Most of the previous reviews on this problem have focused on traditional techniques of gene prediction like hidden Markov model, decision trees, and dynamic programming-based approaches [46]. In addition to traditional gene prediction techniques like those based on hidden Markov model and dynamic programming, approaches based on soft computing techniques have gained popularity in recent times. Soft computing techniques can work well for gene prediction because they can handle uncertainty and approximate nature of data. A review of traditional and computational intelligence technique is presented in [1]. The problem of predicting RNA-coding genes is a promising area of research these days. In a recent review, various techniques to predict one of the classes of noncoding RNA (ncRNA) are presented [7]. The techniques reviewed are mainly based on rules and support vector machine. However, none of the aforementioned reviews focused on soft computing techniques for gene prediction in the last few years. So the main focal point of this paper is to review soft computing techniques for both protein-coding and ncRNA gene prediction.

The rest of the paper is organized as follows: in the next section the problem of gene prediction is addressed along with the issues involved in it. Thereafter, different soft computing techniques like neural networks, genetic algorithms, and hybrid approaches are discussed along with their application to gene prediction. Subsequently, a theoretical analysis of these techniques is presented. Finally some conclusions and future research directions are given.

2. Background

In this section the problem of gene prediction is discussed followed by the issues that still need improvement.

Gene prediction is the problem of identifying the portions of DNA sequence that are biologically functional. This especially includes protein-coding regions but may also include other functional elements such as ncRNA genes. The main aim behind the problem of gene prediction is to correctly label each element of DNA sequence as belonging to protein-coding region, RNA coding region, and noncoding or intergenic regions. Intergenic regions are the regions of DNA in between genes. The problem of gene prediction can then be formally stated as follows [1].

Input. A sequence of DNA

Output. Correct labeling of each element in as belonging to protein-coding region, RNA coding region, noncoding region, or intergenic region.
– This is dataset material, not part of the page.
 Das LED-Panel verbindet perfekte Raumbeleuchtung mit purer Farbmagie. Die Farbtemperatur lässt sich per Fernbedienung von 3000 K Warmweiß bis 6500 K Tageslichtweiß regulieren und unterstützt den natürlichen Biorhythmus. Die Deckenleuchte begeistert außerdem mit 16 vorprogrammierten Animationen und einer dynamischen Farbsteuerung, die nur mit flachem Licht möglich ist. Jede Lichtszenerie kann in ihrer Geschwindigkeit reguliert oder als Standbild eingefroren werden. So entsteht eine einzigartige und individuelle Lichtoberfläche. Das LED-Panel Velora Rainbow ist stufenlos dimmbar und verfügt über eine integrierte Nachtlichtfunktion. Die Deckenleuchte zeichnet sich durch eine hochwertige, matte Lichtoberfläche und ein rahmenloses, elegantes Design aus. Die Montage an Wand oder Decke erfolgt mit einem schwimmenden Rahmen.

By identifying the location of different regions in the DNA sequence, genes can be predicted easily. The basic terminology required to understand the problem of gene prediction is illustrated in [8]. All living organisms are made up of cells and these cell falls into two categories: eukaryotes and prokaryotes. Computational methods of gene prediction are developed for both prokaryotes and eukaryotes. In prokaryotes, genes are made up of long coding segments, that is, open reading frames (ORFs). On the other hand, genes in eukaryotes consist of coding segments interrupted by long noncoding segments. These coding segments are termed as exons and noncoding segments as introns. In case of human eukaryotes only 3% of DNA sequence is coding [9].

Gene prediction is relatively simple in prokaryotes due to higher gene density and the absence of introns [10]. The main difficulty in prokaryote gene prediction is the presence of overlapping regions [11]. The process is more complex for eukaryotes, because of large genome size and short exons are bordered by large introns. Furthermore, eukaryote coding segments are subject to alternative splicing, that is, a process of joining exons in different ways during RNA splicing [12]. Indeed, it is estimated that more than 95% of human genes show evidence of at least one alternative splice site [9]. In this paper the soft computing techniques of gene prediction for both eukaryote and prokaryote are being discussed.
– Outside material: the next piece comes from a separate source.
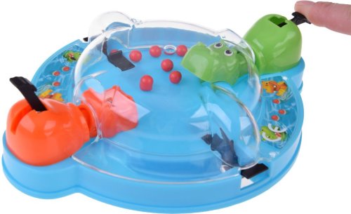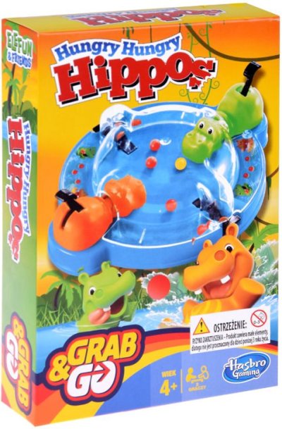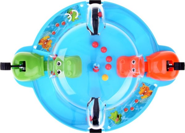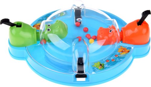 pomocou pohyblivých chvostov malých hrošíkov môžeš otvoriť papuľu a vtiahnuť guličky do brušiek týchto roztomilých zvieratiek potom, čo chytíš všetky guličky, spočítaj, koľko guličiek sa nachádza v nádobkách každého hráča vyhráva ten, kto ich nazbiera najviac hra učí reflexom, rozlišovanie farieb
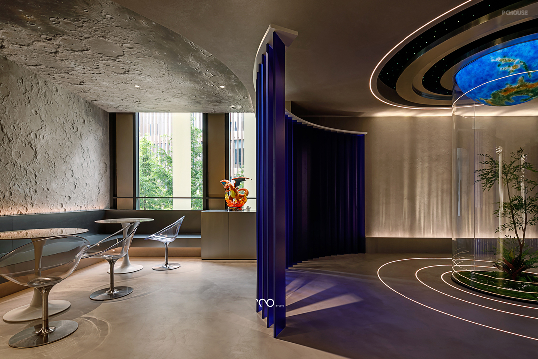 办公前厅,聚焦宇宙视野,城市的喧嚣被敬畏和寂静所取代,让人忍不住站在门口久久注目。

There are two important aspects to any gene prediction program: one is the type of information used by the program and the other is the algorithm that is employed to combine that information into a consistent prediction. Three types of information are generally used in predicting gene structure: functional sites in the sequence, content statistics, and similarity to known genes [6]. Among the types of functional sites are splice sites, start and stop codons, branch points, promoters and terminators of transcription, polyadenylation sites, and various transcription binding sites. These sites are generally known as signals and methods used to detect them are signal sensors. Genomic DNA signals can be contrasted with extended and variable length regions such as exons and introns, which are recognized by different methods that are called content sensors [13]. These content sensors are generally categorized as intrinsic content sensors. Intrinsic content sensors use statistical properties (compositional bias, codon usage, etc.) of the coding segments to distinguish them from noncoding segments. The existence of a sufficient similarity with a biologically characterized sequence can also be used as a mean for gene prediction. These similarity-based methods have often been called extrinsic content sensors [14]. The methods that use signal or both signal and intrinsic content sensors are known as ab initio methods of gene prediction. In the last few years, gene prediction methods based on the combination of ab initio and similarity information have been developed. The prediction accuracy of these combined methods is better than the methods that are purely based on ab initio approaches [15]. Although protein-coding gene prediction methods have achieved a significant level of accuracy but there are issues that still need improvement and these issues are as follows:(i)prediction of short exons,(ii)prediction of complete gene structure,(iii)prediction of partial and overlapping genes,(iv)alternative splicing,(v)database sequences are not completely correct,(vi)prediction of genes in newly sequenced genomes,(vii)noncanonical splice sites.

So far in this section the background necessary for gene prediction is discussed. The next section describes soft computing techniques for gene prediction.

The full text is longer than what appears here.